Users表上的第二个查询完全没有必要。Job实体 @Id
@GeneratedValue
private Long id;
private String title;
private String description;
@Column(name = "publish_date")
private Date publishDate;
@Column(name = "close_date")
private Date closeDate;
@ManyToOne
@JoinColumn(name = "committee_chair_id")
private User committeeChair;
@ManyToMany
@JoinTable(name = "job_committee_members",
joinColumns = @JoinColumn(name = "job_id") ,
inverseJoinColumns = @JoinColumn(name = "user_id") )
@OrderBy("lastName asc")
private List<User> committeeMembers;
@OneToMany(mappedBy = "job")
@OrderBy("date asc")
private List<Application> applications;
}
Application实体: @Id
@GeneratedValue
private Long id;
@ManyToOne
private Job job;
@ManyToOne
private User applicant;
@Column(name = "submit_date")
private Date submitDate;
@Column(name = "current_job_title")
private String currentJobTitle;
@Column(name = "current_job_institution")
private String currentJobInstitution;
@Column(name = "current_job_year")
private Integer currentJobYear;
@ElementCollection
@CollectionTable(name = "application_degrees",
joinColumns = @JoinColumn(name = "application_id") )
@OrderBy("year desc")
private List<Degree> degrees;
@OneToOne
private File cv;
@OneToOne
@JoinColumn(name = "research_statement_id")

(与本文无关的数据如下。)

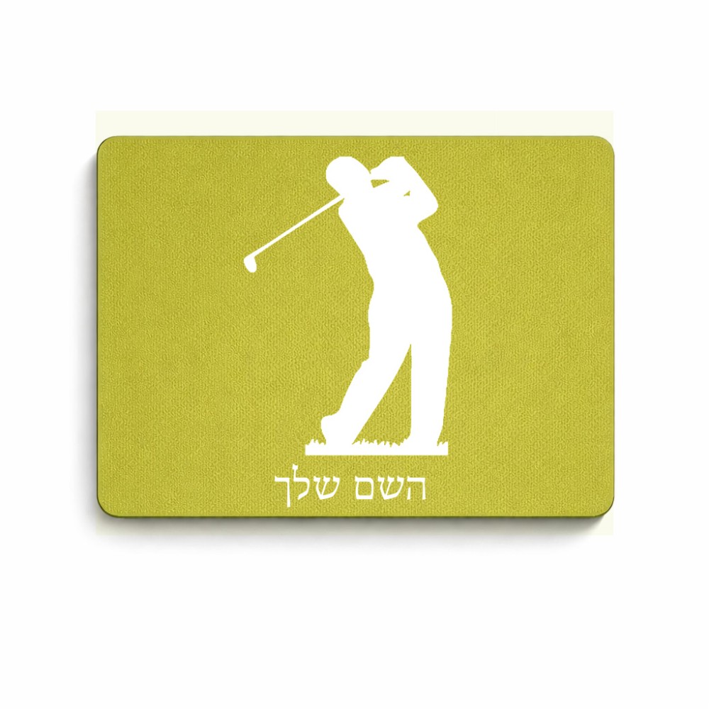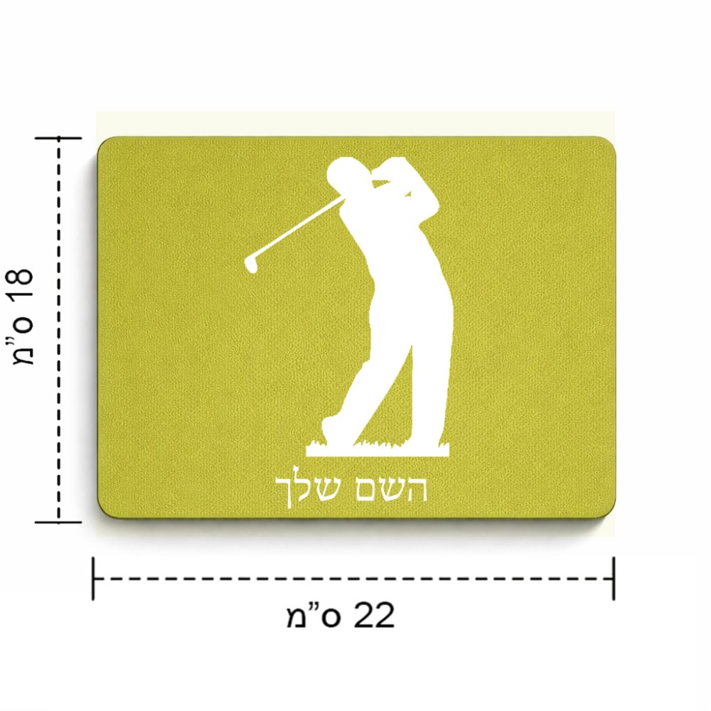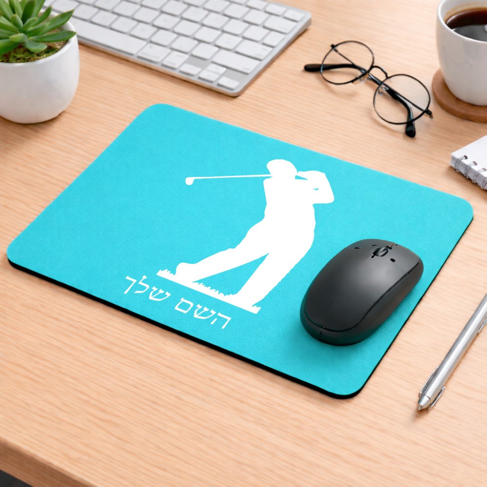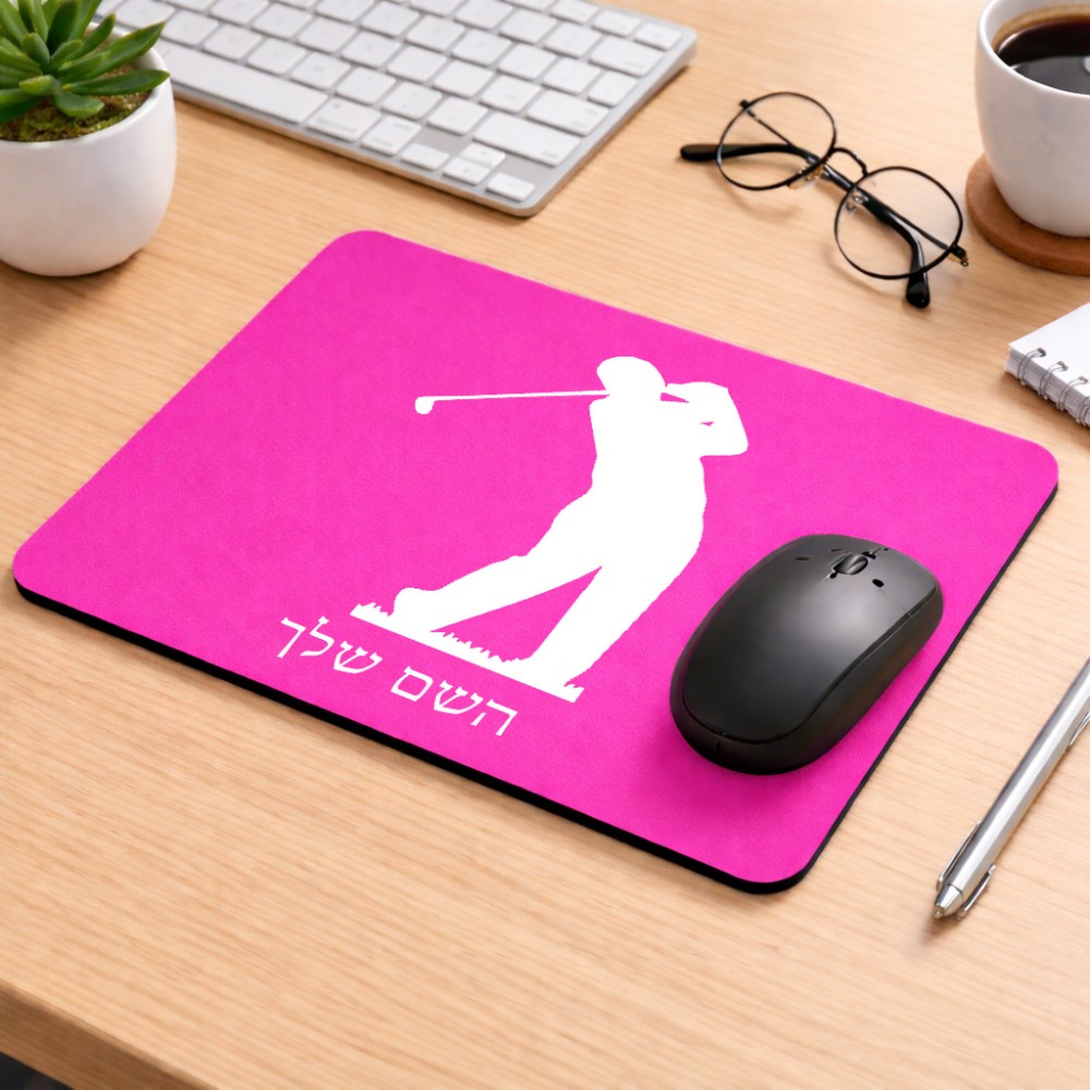 פד לעכבר בעיצוב אישי עם השם שלך בעיצוב שחקן גולף גודל הפד 22 × 18 ס"מ. את השם המבוקש ניתן לציין בהזמנה, אם לא צויין אנחנו ניצור קשר לבירור.

private File researchStatement;
@OneToOne
@JoinColumn(name = "teaching_statement_id")
private File teachingStatement;
@OneToMany(mappedBy = "application",
cascade = { CascadeType.MERGE, CascadeType.PERSIST })
@OrderColumn(name = "round_index")
private List<Round> rounds;
}
User实体:@Id
@GeneratedValue
private Long id;
@Column(unique = true, nullable = false)
private String email;
@Column(nullable = false)
private String password;
@Column(name = "first_name")
private String firstName;
@Column(name = "last_name")
private String lastName;
private String address;
private String phone;
@OneToMany(mappedBy = "applicant")
@OrderBy("id desc")
private List<Application> applications;
}
最佳答案
根据JPA 2.0规范,默认值如下所示:
一对多:LAZY
ManyToOne:EAGER
多对多:LAZY
一对一:EAGER
您在Application类中
@ManyToOne
private User applicant;
如果您将其切换为LAZY
@ManyToOne(fetch = FetchType.LAZY)
它应该按照您想要的方式工作。